==== DATA TO USE ====
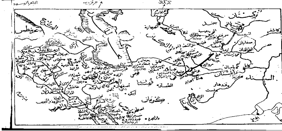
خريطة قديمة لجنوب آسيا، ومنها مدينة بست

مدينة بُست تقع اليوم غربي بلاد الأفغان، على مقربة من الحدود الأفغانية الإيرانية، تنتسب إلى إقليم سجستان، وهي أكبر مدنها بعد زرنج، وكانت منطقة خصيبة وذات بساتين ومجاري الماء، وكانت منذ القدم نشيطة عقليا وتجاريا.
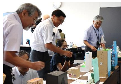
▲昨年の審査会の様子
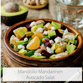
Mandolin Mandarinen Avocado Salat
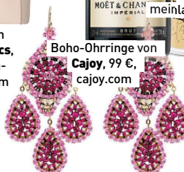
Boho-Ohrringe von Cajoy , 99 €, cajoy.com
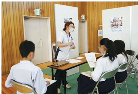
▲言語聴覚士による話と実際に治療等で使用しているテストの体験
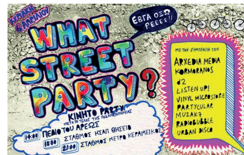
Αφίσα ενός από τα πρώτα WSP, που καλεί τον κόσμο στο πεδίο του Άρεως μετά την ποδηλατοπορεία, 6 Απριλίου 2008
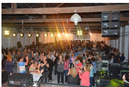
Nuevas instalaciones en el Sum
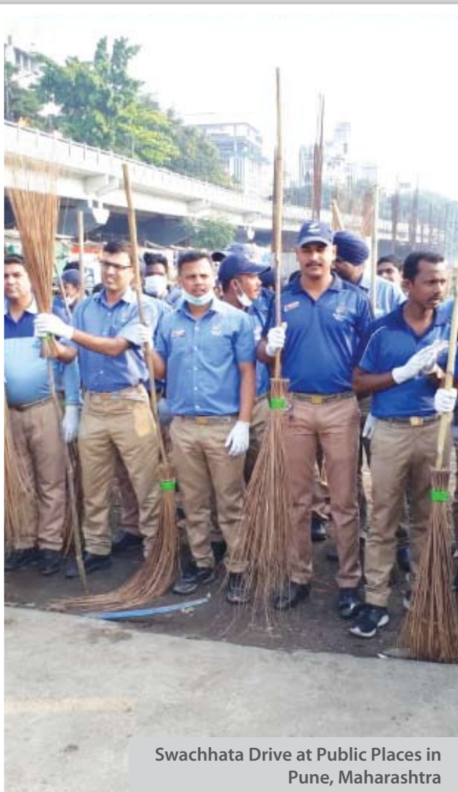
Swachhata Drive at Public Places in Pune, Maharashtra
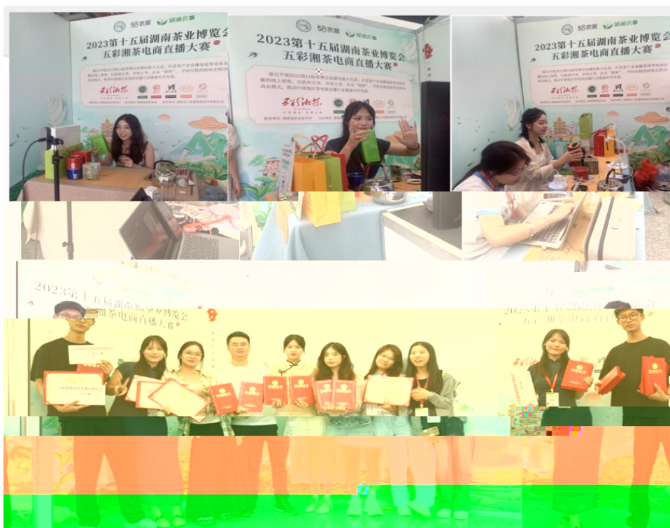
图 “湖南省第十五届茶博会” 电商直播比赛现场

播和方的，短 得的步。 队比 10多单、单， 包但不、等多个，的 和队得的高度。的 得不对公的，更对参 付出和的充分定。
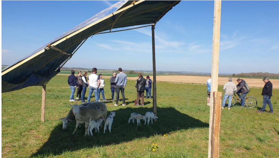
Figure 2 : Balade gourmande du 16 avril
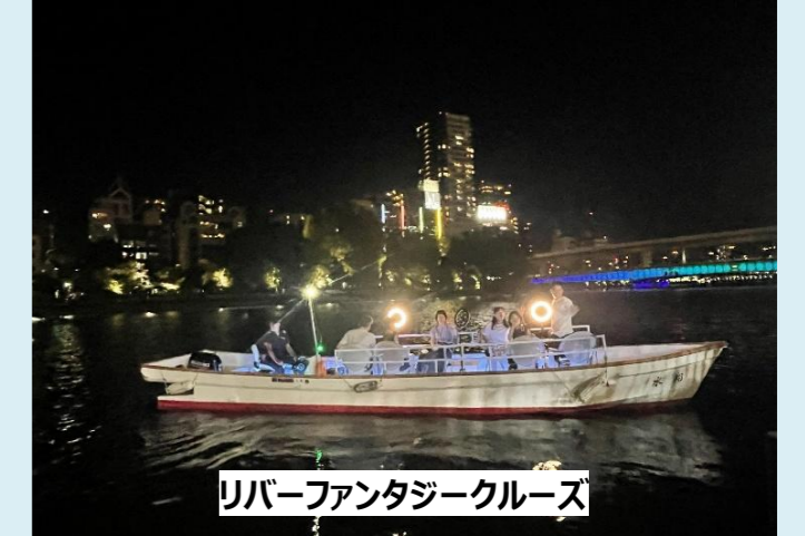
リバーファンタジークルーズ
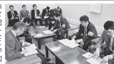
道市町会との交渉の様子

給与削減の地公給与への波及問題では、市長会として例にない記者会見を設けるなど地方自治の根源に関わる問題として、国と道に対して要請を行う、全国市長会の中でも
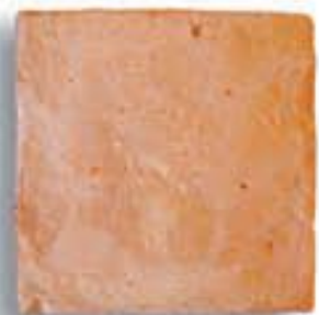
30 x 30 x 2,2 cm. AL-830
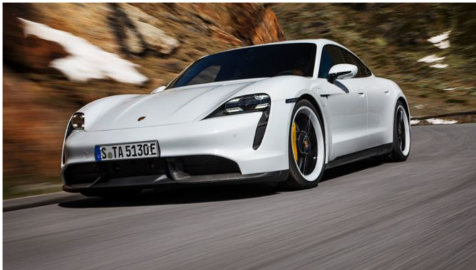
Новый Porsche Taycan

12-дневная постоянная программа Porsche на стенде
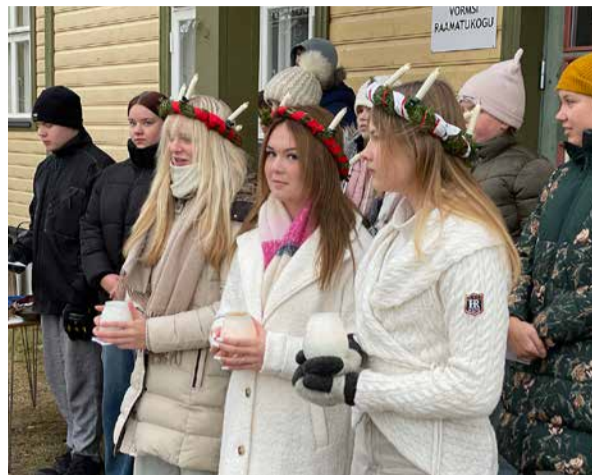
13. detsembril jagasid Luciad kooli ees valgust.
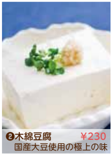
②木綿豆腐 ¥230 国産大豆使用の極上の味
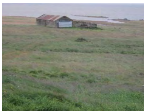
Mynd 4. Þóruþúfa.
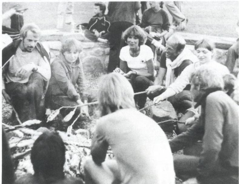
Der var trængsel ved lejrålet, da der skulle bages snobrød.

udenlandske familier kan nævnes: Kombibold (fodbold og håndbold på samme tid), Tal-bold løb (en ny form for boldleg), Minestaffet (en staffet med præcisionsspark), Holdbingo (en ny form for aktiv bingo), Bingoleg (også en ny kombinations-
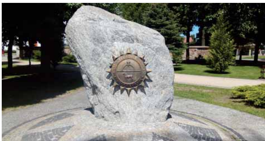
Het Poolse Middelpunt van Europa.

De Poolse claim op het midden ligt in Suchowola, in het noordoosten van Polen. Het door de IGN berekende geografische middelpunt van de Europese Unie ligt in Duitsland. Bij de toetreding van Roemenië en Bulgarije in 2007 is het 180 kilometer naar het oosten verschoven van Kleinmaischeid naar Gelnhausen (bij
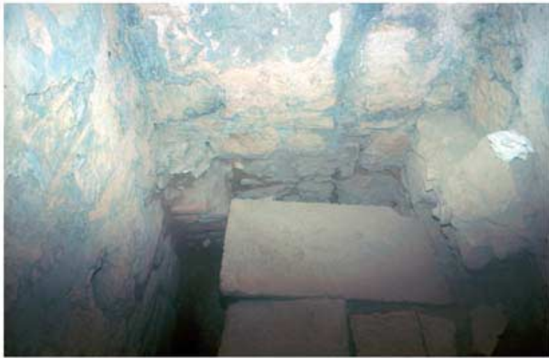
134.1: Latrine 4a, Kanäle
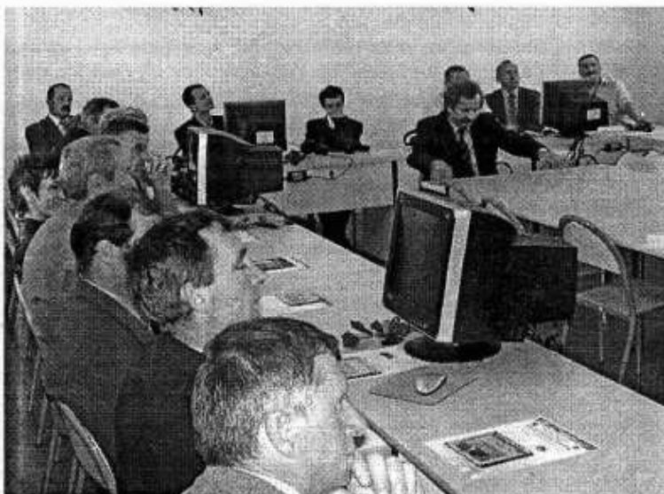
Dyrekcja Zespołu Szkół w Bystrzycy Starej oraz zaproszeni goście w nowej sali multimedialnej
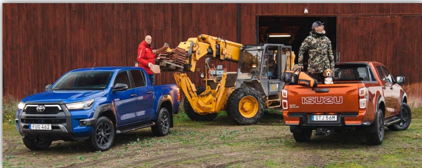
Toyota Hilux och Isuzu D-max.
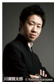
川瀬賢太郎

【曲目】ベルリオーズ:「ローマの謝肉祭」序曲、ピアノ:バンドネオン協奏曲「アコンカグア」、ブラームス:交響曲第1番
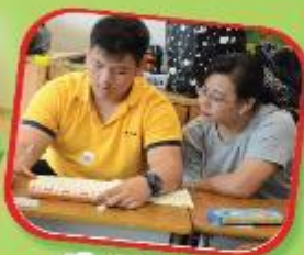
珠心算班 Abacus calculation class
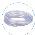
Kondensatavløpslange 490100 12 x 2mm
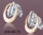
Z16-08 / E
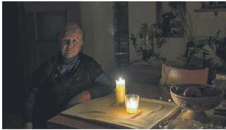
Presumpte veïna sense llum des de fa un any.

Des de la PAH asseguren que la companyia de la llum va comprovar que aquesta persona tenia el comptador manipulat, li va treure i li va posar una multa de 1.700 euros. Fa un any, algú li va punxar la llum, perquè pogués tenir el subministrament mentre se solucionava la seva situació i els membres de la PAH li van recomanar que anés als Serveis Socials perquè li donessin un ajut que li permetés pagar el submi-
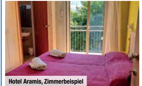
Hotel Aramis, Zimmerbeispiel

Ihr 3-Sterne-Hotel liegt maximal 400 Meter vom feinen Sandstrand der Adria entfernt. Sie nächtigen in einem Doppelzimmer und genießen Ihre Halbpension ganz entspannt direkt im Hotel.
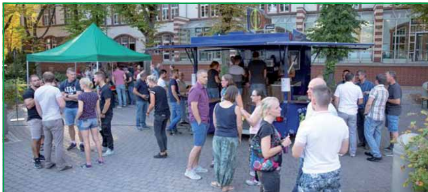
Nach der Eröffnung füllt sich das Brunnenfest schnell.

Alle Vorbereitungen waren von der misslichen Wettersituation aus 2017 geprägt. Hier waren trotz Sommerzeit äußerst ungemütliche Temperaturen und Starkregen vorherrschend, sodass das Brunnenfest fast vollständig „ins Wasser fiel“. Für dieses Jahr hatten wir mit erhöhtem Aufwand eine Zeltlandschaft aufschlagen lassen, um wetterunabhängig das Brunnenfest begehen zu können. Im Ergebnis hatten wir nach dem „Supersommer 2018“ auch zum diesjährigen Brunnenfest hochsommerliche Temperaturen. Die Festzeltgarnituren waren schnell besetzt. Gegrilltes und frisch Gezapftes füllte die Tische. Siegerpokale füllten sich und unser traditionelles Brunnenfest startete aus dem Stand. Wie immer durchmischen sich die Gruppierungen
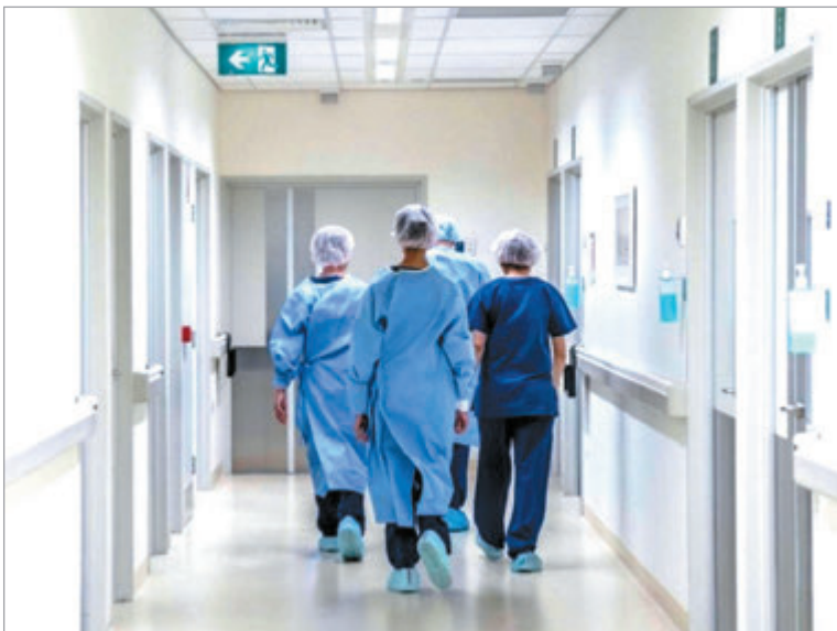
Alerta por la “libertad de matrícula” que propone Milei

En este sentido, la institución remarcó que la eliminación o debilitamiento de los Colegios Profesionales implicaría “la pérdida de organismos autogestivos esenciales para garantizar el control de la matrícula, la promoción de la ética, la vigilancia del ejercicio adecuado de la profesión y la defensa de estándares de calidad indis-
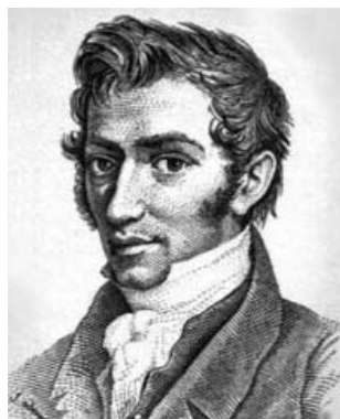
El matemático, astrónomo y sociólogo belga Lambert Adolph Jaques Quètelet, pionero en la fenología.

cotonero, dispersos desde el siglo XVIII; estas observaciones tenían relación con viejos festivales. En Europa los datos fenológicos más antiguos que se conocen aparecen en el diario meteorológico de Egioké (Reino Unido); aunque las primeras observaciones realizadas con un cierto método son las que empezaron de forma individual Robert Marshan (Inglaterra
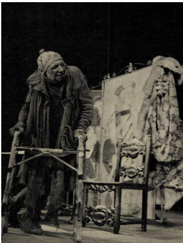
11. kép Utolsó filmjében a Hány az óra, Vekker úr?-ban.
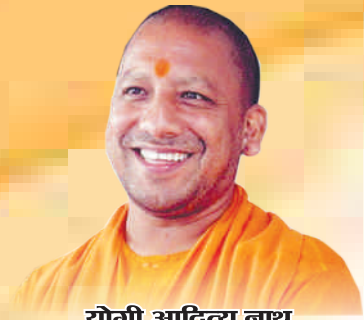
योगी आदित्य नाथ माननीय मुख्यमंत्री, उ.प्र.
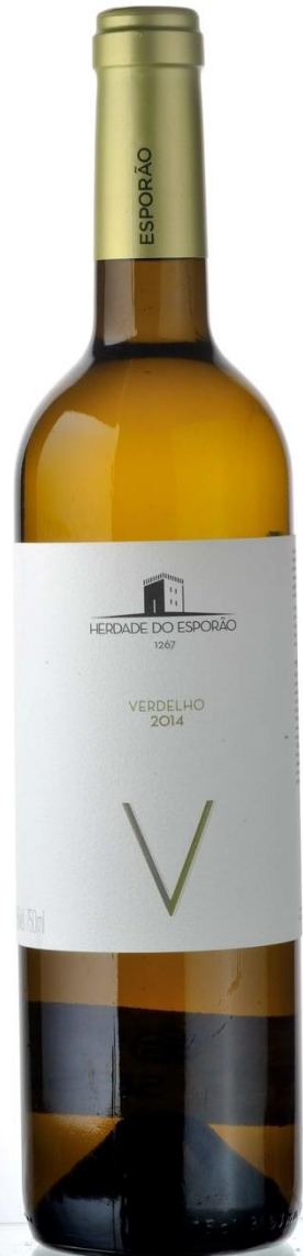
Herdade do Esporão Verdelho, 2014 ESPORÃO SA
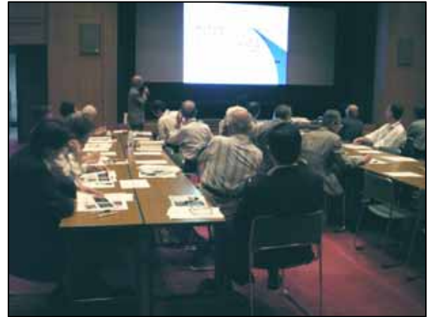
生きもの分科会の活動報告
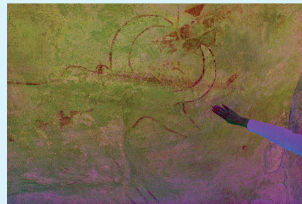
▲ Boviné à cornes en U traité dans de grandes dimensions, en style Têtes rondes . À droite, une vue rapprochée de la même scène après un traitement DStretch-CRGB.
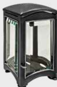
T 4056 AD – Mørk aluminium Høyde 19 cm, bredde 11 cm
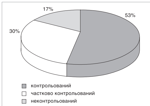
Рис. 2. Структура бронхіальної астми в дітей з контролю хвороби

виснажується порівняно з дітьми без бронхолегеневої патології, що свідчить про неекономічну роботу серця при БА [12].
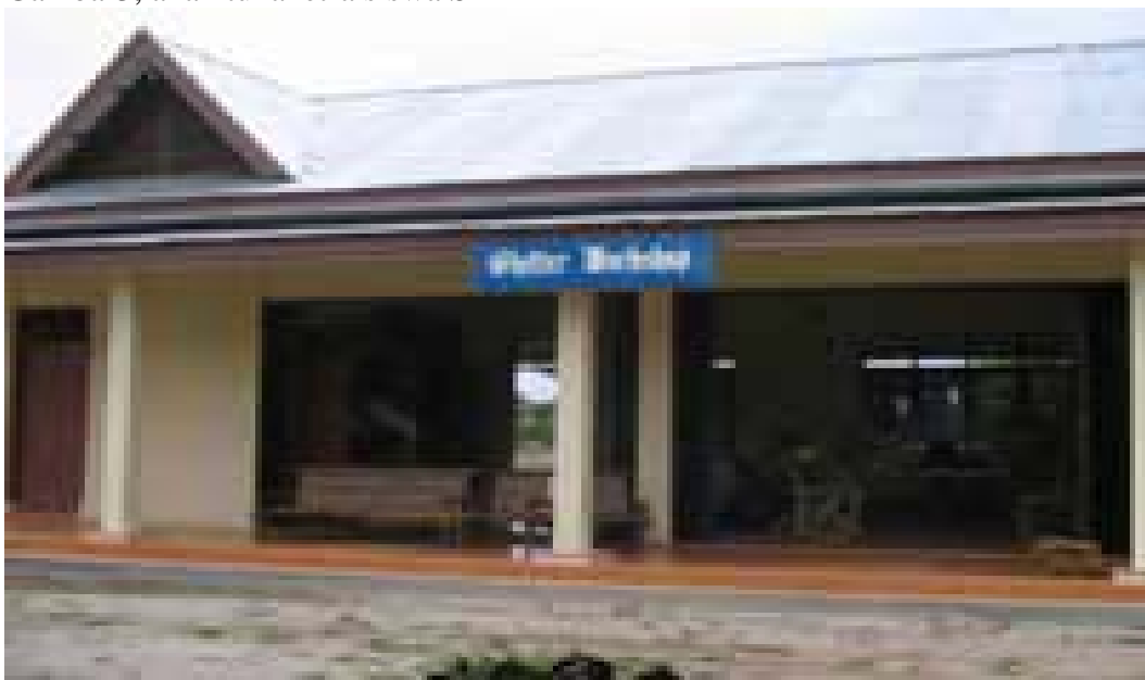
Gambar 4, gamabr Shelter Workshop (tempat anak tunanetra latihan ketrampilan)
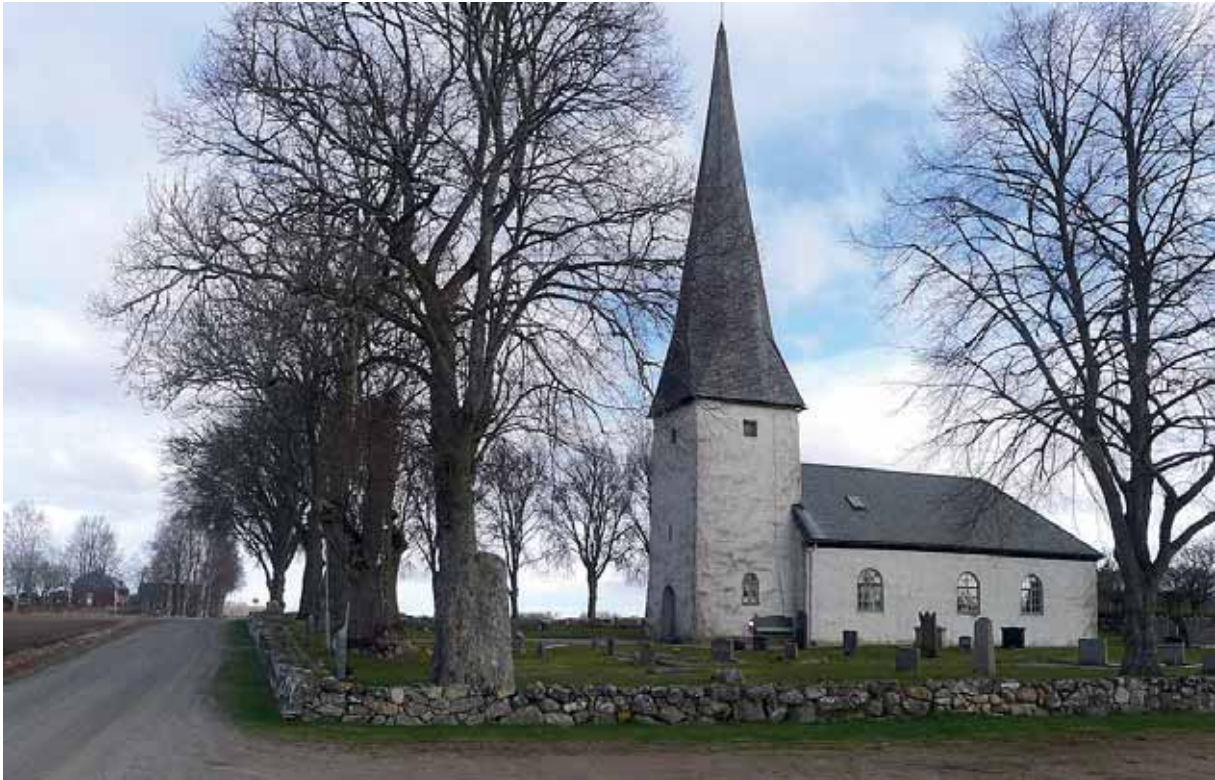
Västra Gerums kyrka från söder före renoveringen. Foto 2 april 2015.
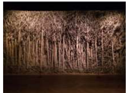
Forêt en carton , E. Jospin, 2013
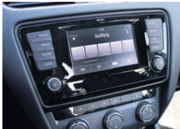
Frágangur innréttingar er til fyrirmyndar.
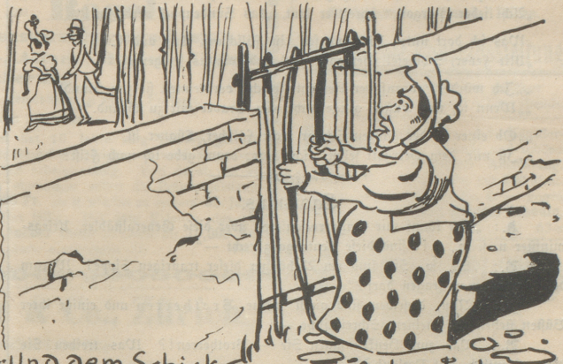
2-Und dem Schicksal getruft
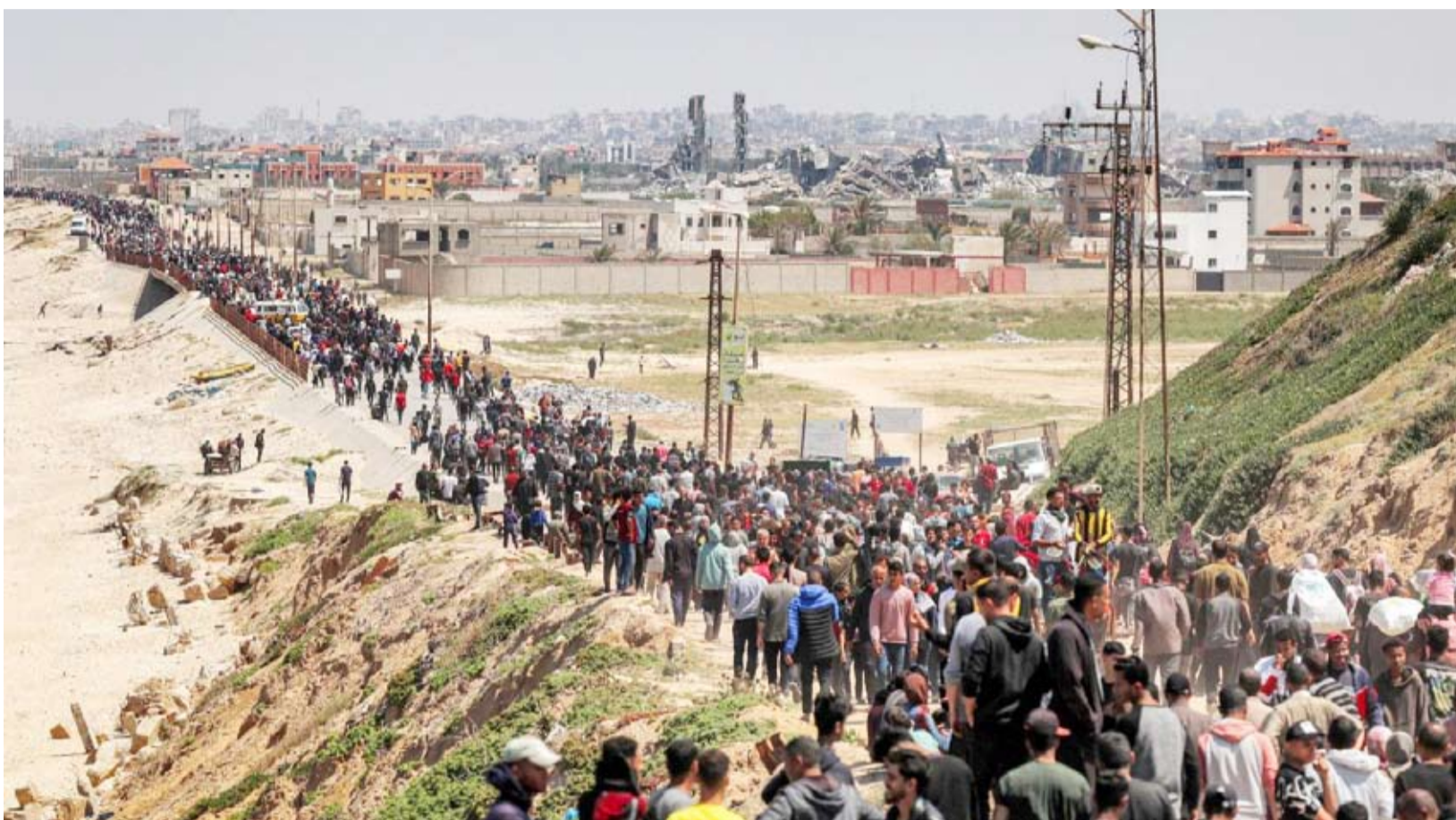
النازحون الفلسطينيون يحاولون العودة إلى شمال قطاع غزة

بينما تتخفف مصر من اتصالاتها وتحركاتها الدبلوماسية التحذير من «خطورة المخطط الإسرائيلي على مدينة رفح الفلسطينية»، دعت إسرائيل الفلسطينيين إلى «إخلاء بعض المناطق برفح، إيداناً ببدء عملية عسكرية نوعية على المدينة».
====
Only a number is expected in response: how many lines of the records above include the word "Europa".

→ **YOUR SOLUTION**:
2